Сэр Руперт покачал головой, его глаза потускнели.

— Это голая земля, омытая кровью. Если бы это было не сродни богохульству, я бы проклинал тот день, когда последовал за своим королем на Восток. Сейчас я мечтаю о фруктовых садах Нормандии, темных прохладных лесах и грежу о виноградниках. Мне кажется, мои самые счастливые часы жизни были, когда мне было всего двенадцать лет…

— Двенадцать, — проворчал Фицджеффри, — в этом возрасте я был дикарем с копной нечесаных волос и скитался на голых болотах — я носил волчьи шкуры, весил около четырнадцати стоунов[8] и уже убил трех человек.

Сэр Руперт с любопытством посмотрел на своего друга. Родные земли Кормака находятся за широким морем и землями Британии, но норманн немного слышал о том, что творится на том далеком острове. Он смутно знал, что жизнь Кормака не была легкой. Ненавидимый ирландцами и презираемый норманнами, он отплатил им презрением и жестоким обращением, дикой ненавистью и беспощадной местью. Было известно, что у него осталась лишь тень верности большому роду Фицджеральдов, который, как и многие уэльсцы и норманны, уже тогда начал перенимать ирландские обычаи и ирландские раздоры.

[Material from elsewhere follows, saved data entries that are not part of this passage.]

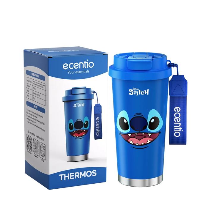 Ecentio Disney Stitch Premium Botol Minum Stainless Sus 316 Tahan Panas dan Dingin 530ml Portable
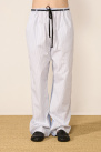 Featuring a relaxed wide-leg cut with a low-rise waist, a thin elastic waistband, and a black cotton belt. Discreet side-seam pockets and back patch pockets with buttons add practical details.
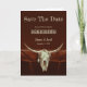 O cowboy rustico ocidental divertiu-se com madeira marrom, salvando os cartões dobrados. Convites de crânio de vaca. Um design bonito, engraçado, estilo fazenda. O texto pode ser personalizado. Vintagem antiga de antiguidade selvagem ocidental única. animal legal, de moda fazenda. Personalizar script e tipografia. Imagem copyright Marg Seregelyi Fotografia.
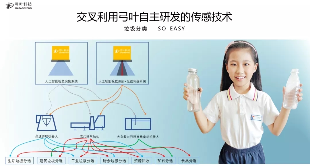 編輯從采訪中了解到,在中國(guó)政府尚未開(kāi)展垃圾分類工作之前,莫卓亞便帶領(lǐng)一支由香港科大、西安交通大學(xué)、中國(guó)人民大學(xué)、哈爾濱工業(yè)大學(xué)的博士、碩士共同組成的研發(fā)團(tuán)隊(duì),深入國(guó)內(nèi)數(shù)十個(gè)固廢處理廠,通過(guò)近三年時(shí)間,完成大數(shù)據(jù)采集、標(biāo)注,構(gòu)建了第一個(gè)固廢大數(shù)據(jù)庫(kù)。有了龐大的固廢大數(shù)據(jù)庫(kù),再結(jié)合團(tuán)隊(duì)自主研發(fā)的弓葉云平臺(tái)、Multi-Sensor融合技術(shù)、機(jī)器人本體設(shè)計(jì)和驅(qū)控一體技術(shù)、以及Ai識(shí)別技術(shù),弓葉科技推出了第一臺(tái)人工智能垃圾分揀機(jī)器人PiCKiNG Ai®。緊接著,弓葉科技推出了第一臺(tái)基于人工智能的高速噴氣式光選機(jī)FASToAi™,高速皮帶機(jī)最高時(shí)速可達(dá)6.5m/s,最大處理量可達(dá)50噸/小時(shí)。
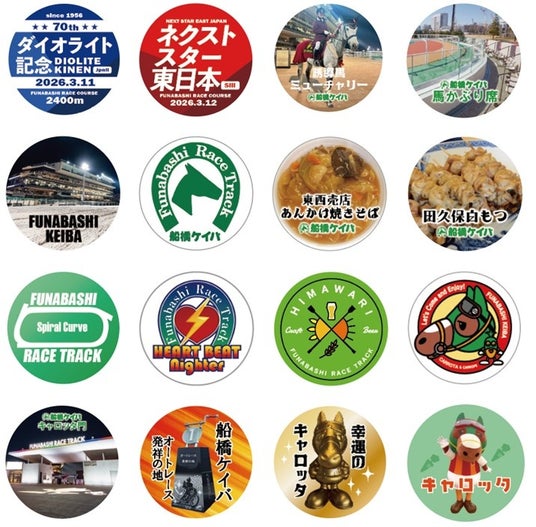 船橋ケイバオリジナルの缶バッジが手に入ります!種類は全部で16種類!
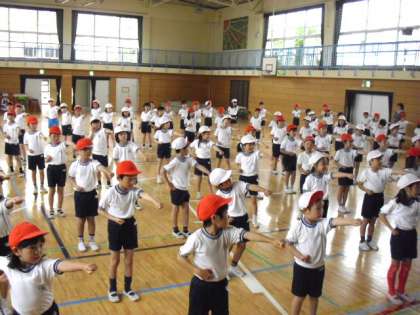 運動会の表現を体育館で練習しました。動きがそろってきました。(5月12日)
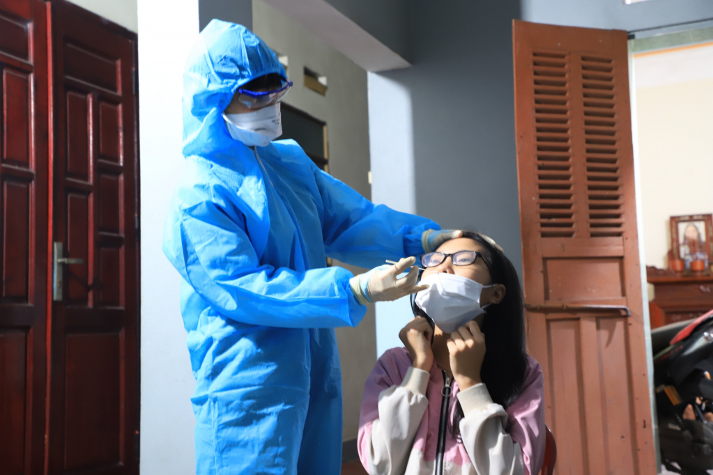 Lấy mẫu xét nghiệm Covid-19 cho người dân ở Đông Triều.
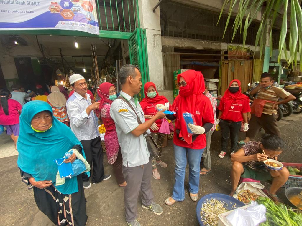 MEDAN | bongkarnews.com – Tak henti-hentinya Hj Fitriani Manurung SPd MPd menjalankan aksi kemanusiaan terkait pandemi Covid-19. Siang ini, Selasa (14/04/2020) rombongan Hj Fitriani manurung membagikan 1000 masker dan 300 sarung tangan kepada pedagang di pusat pasar tradisional atau pasar sentral.
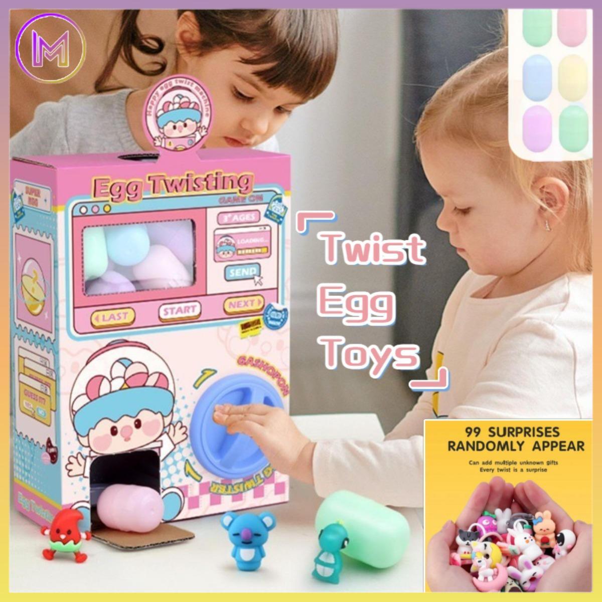 - Twist Egg Toys: Mainan berbentuk telur yang berisi kejutan dan biasanya diperoleh dengan memutar atau membuka mesin.
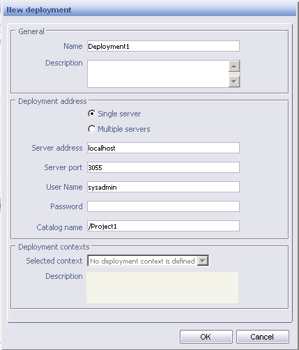 Step 1. Enter a new name for the deployment. Then enter the NW_DESIGNER credentials for the User Name and Password that you created during the installation process.

— Ты носишь сейчас другой меч, не тот, что был у тебя, когда я видел тебя в последний раз.

— Они ломаются в моих руках, — сказал Кормак. — Три турецкие сабли пошли на ковку меча, которым я владел в Яффе[9], тем не менее он разбился, как стекло, в морском бою у Сицилии. Этот я взял с тела норвежского морского короля, который возглавил рейд на Мюнстер. Он был выкован в Норвегии — видишь языческие руны на стали?

Он вытащил свой меч, и большой клинок замерцал голубоватым, как живой, в свете свечей. Слуги перекрестились, а сэр Руперт покачал головой.

— Ты не должен обнажать его здесь — говорят, кровь сопровождает такой клинок.

— Кровопролитие следует за мной в любом случае, — проворчал Кормак. — Это лезвие уже испило крови Фицджеффри — этим мечом норвежский морской король убил моего брата, Шейна.

— И ты носишь такой меч? — воскликнул сэр Руперт в ужасе. — Ничего хорошего не жди от этого адского клинка, Кормак!

— Почему нет? — спросил большой воин нетерпеливо. — Это хороший меч — я стер пятно крови моего брата, когда убил его убийцу. Дьявол, но тот норвежец был настоящим великаном в своей кольчуге с посеребренными накладками. Его серебряный шлем был также достаточно прочен, но топор и шлем, и череп разбил вместе.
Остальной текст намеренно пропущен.